** SUPPLIED RECORDS follows **

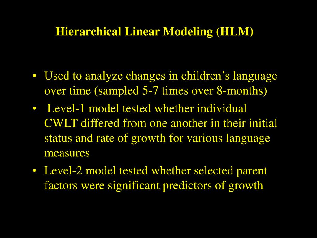Hierarchical Linear Modeling (HLM) • Used to analyze changes in children’s language over time (sampled 5-7 times over 8-months) • Level-1 model tested whether individual CWLT differed from one another in their initial status and rate of growth for various language measures • Level-2 model tested whether selected parent factors were significant predictors of growth
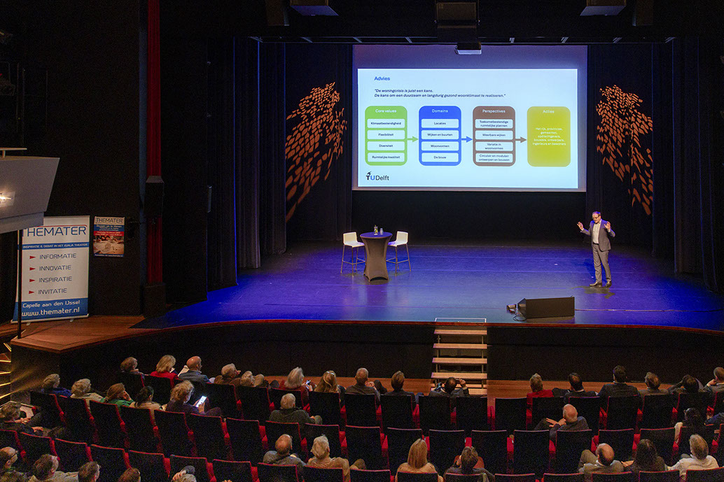 Wij begonnen de avond met een uitstekende inleiding door dr. Ulf Hackauf – verbonden aan de universiteit Delft (Bouwkunde) in lid van het Vision Team Wonen. Dat team heeft een mooie visie ontwikkeld voor de toekomstige bouwopgave waarbij niet zozeer de kwantiteit (die 100.000 woningen die jaarlijks gebouwd zouden moeten worden maar nooit worden gehaald!) maar de kwaliteit en flexibiliteit centraal staan. Daarbij is ook ruim aandacht voor klimaatbestendig bouwen. Variatie in woonvormen en circulair en modulair bouwen zijn belangrijke uitgangspunten. Ook bij een thema als verdichting staat (bouw- en woon)kwaliteit voorop. In de nota Ruimte voor Wonen (TUDelft) is alles na te lezen Een visie op de toekomst van wonen in Nederland.
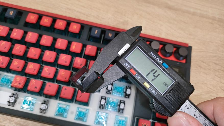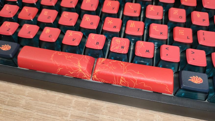 Колпачки, как уже говорилось с профилем ASA, а изготовлены из двух материалов: верх из PBT, низ из поликарбоната,
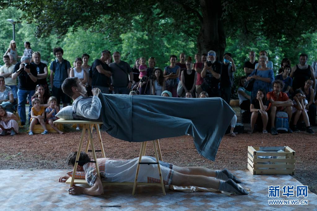 6月30日傍晚,艺术工作者在斯洛文尼亚首都卢布尔雅那进行街头戏剧节表演。
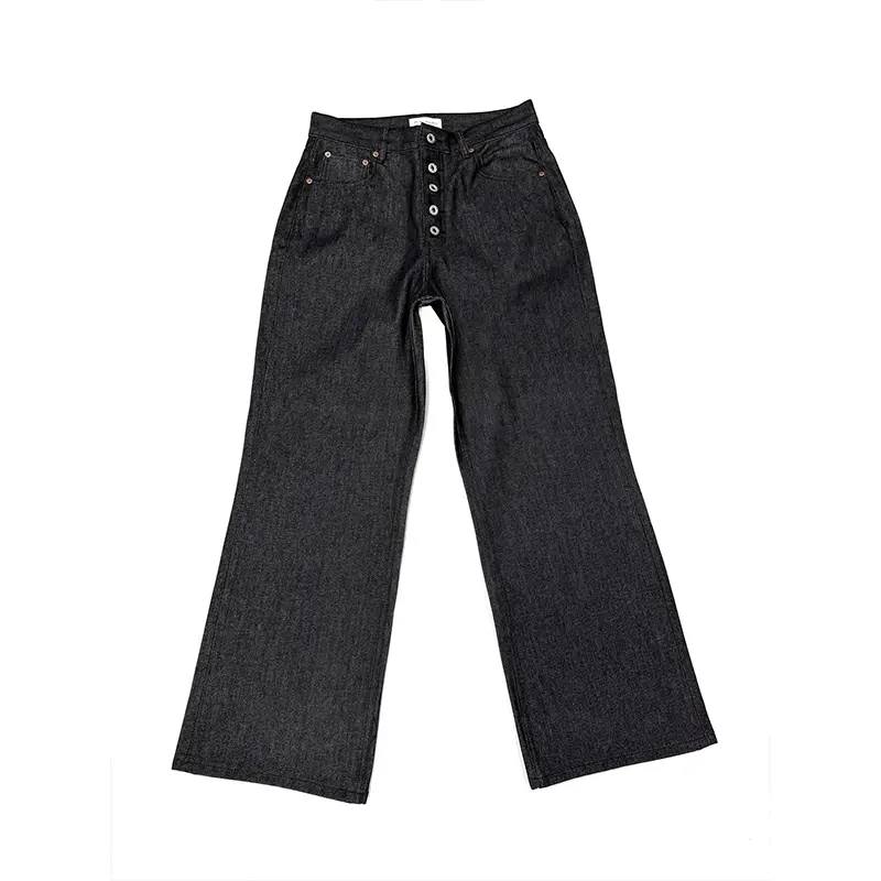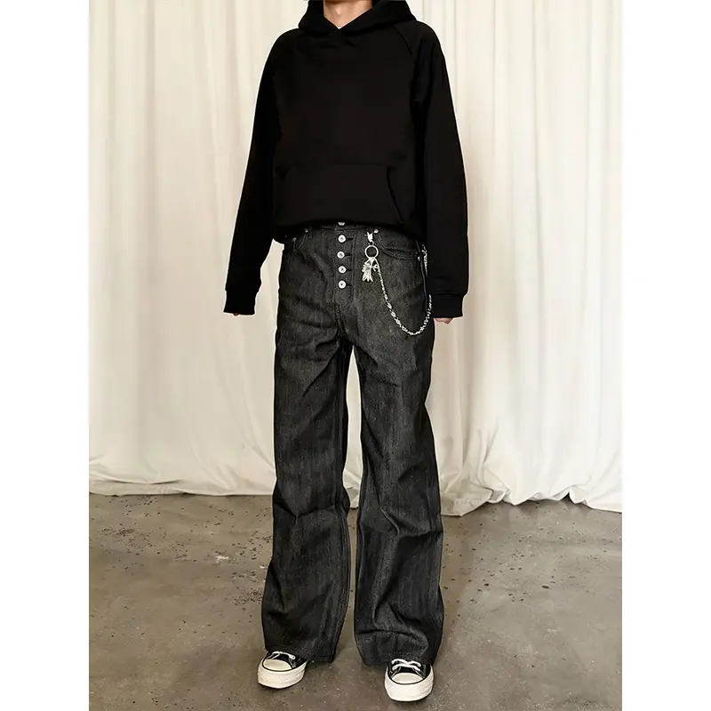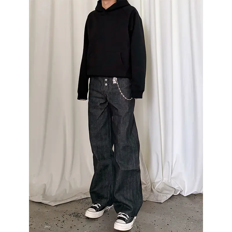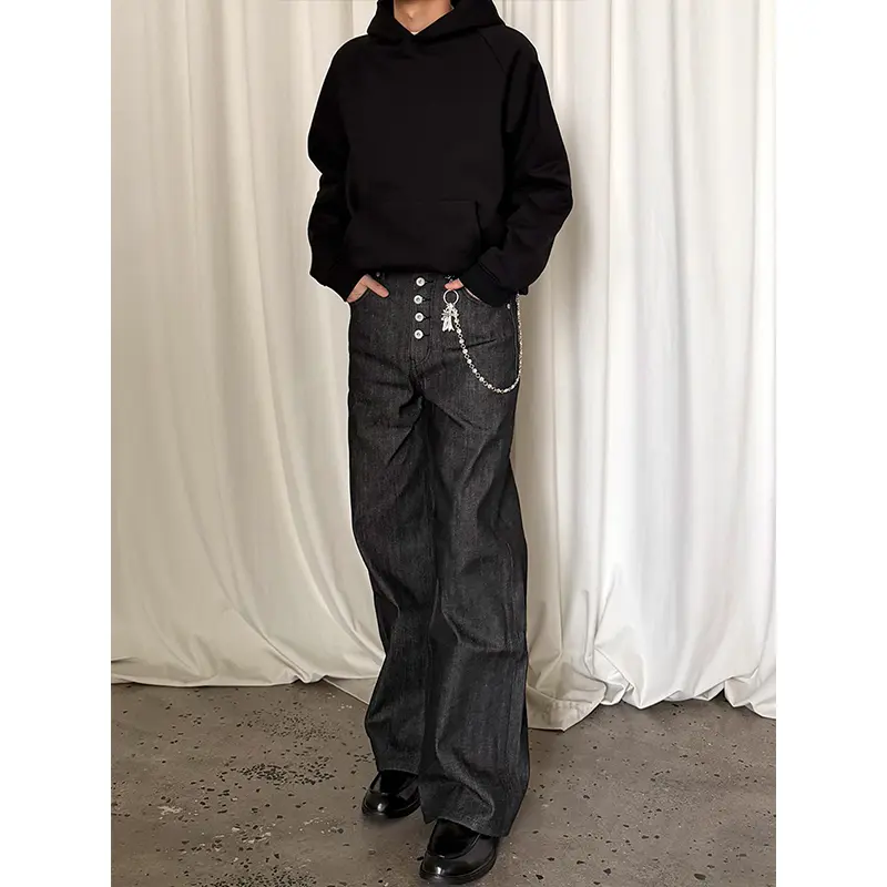Design Create 五连扣未脱浆康龙原牛14.5OZ宽松直筒黑色牛仔裤男

** End of SUPPLIED RECORDS **

Your reply should give again exactly the lines from the one with "Wij begonnen de" through the last line of the data, with both ends included and pictures left out.

 Wij begonnen de avond met een uitstekende inleiding door dr. Ulf Hackauf – verbonden aan de universiteit Delft (Bouwkunde) in lid van het Vision Team Wonen. Dat team heeft een mooie visie ontwikkeld voor de toekomstige bouwopgave waarbij niet zozeer de kwantiteit (die 100.000 woningen die jaarlijks gebouwd zouden moeten worden maar nooit worden gehaald!) maar de kwaliteit en flexibiliteit centraal staan. Daarbij is ook ruim aandacht voor klimaatbestendig bouwen. Variatie in woonvormen en circulair en modulair bouwen zijn belangrijke uitgangspunten. Ook bij een thema als verdichting staat (bouw- en woon)kwaliteit voorop. In de nota Ruimte voor Wonen (TUDelft) is alles na te lezen Een visie op de toekomst van wonen in Nederland.
 Колпачки, как уже говорилось с профилем ASA, а изготовлены из двух материалов: верх из PBT, низ из поликарбоната,
 6月30日傍晚,艺术工作者在斯洛文尼亚首都卢布尔雅那进行街头戏剧节表演。
Design Create 五连扣未脱浆康龙原牛14.5OZ宽松直筒黑色牛仔裤男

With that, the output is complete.